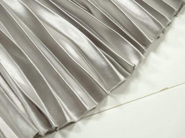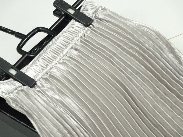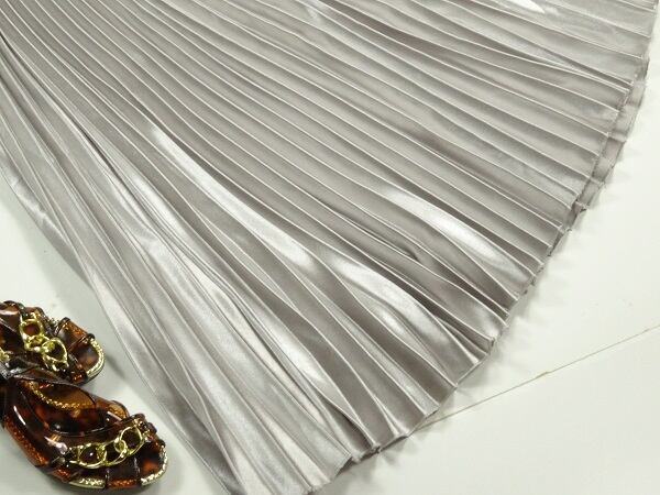 光沢メタリックシルバ-ロングプリ-ツスカ-トです。しわになりにくく動くたびに揺れるエレガントなプリ-ツスカ-トです。ファスナ-なし(ウエストゴム仕様)。裏地なし。
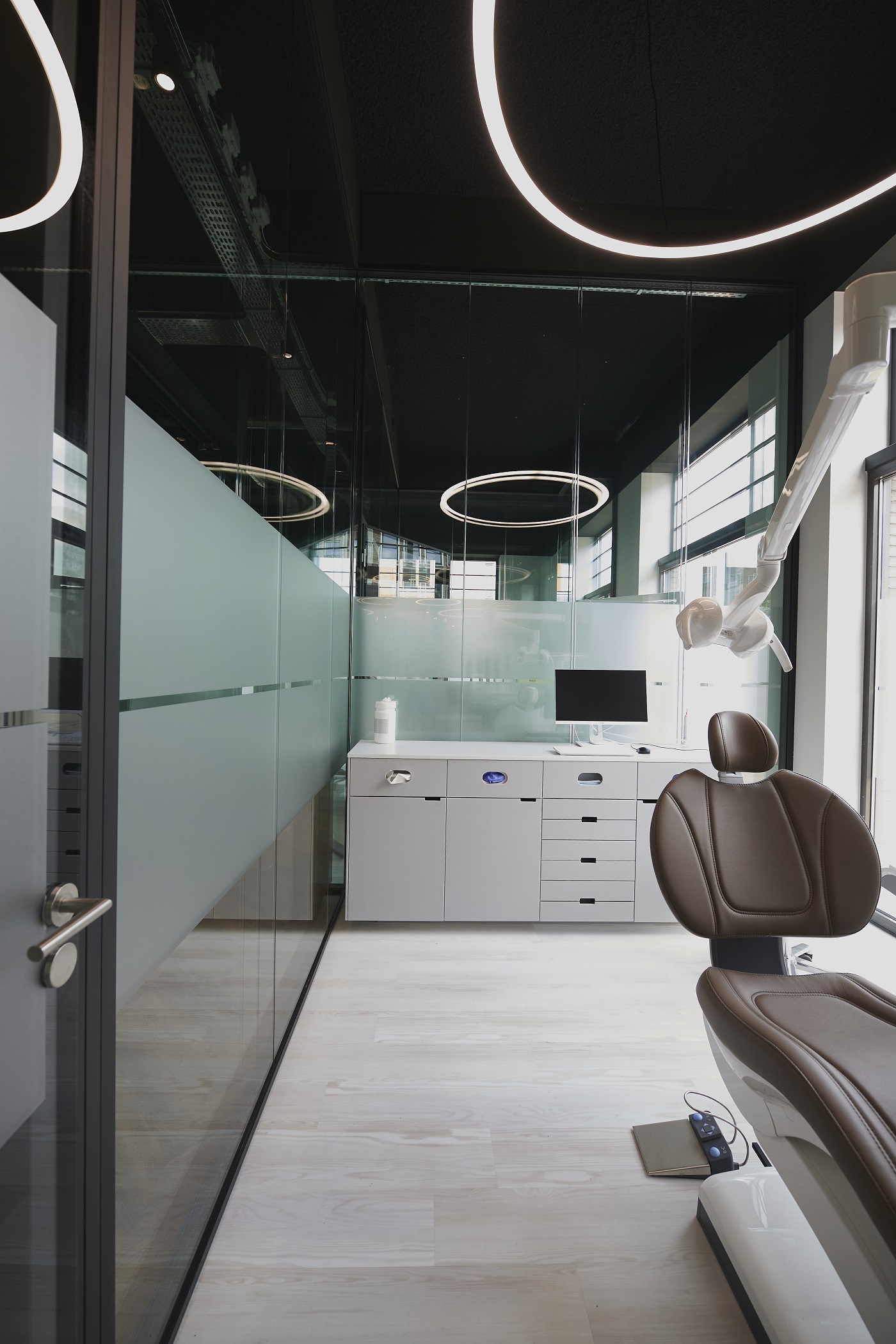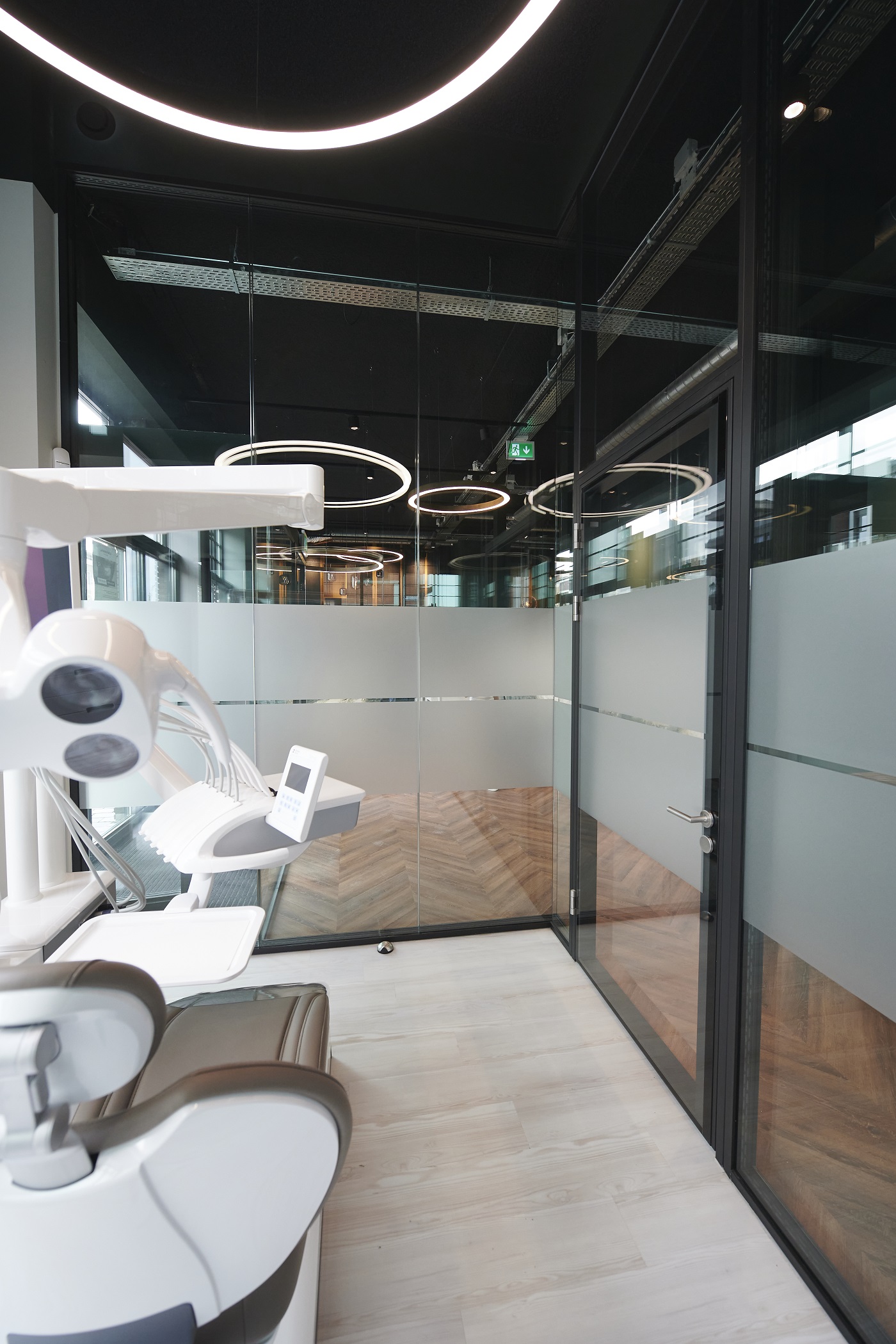 除了声学隐私外,卫生对于牙科诊所同样重要。 我们在 Confidental 安装的所有实心墙都涂有抗菌涂层,以确保空间的卫生。
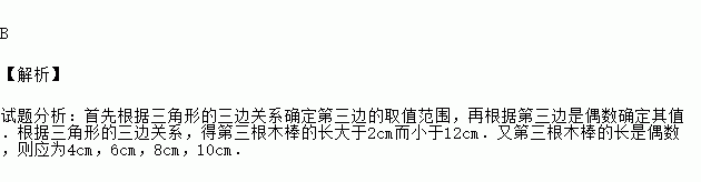B 【解析】 试题分析:首先根据三角形的三边关系确定第三边的取值范围,再根据第三边是偶数确定其值.根据三角形的三边关系,得第三根木棒的长大于2cm而小于12cm.又第三根木棒的长是偶数,则应为4cm,6cm,8cm,10cm.

**YOUR TASK:** Copy out exactly the lines from the one with "除了声学隐私外,卫生对于牙科诊所同样重要。 我们在 Confidental" through the end of the listing, both ends included, omitting any picture.

**RESULT:**
 除了声学隐私外,卫生对于牙科诊所同样重要。 我们在 Confidental 安装的所有实心墙都涂有抗菌涂层,以确保空间的卫生。
B 【解析】 试题分析:首先根据三角形的三边关系确定第三边的取值范围,再根据第三边是偶数确定其值.根据三角形的三边关系,得第三根木棒的长大于2cm而小于12cm.又第三根木棒的长是偶数,则应为4cm,6cm,8cm,10cm.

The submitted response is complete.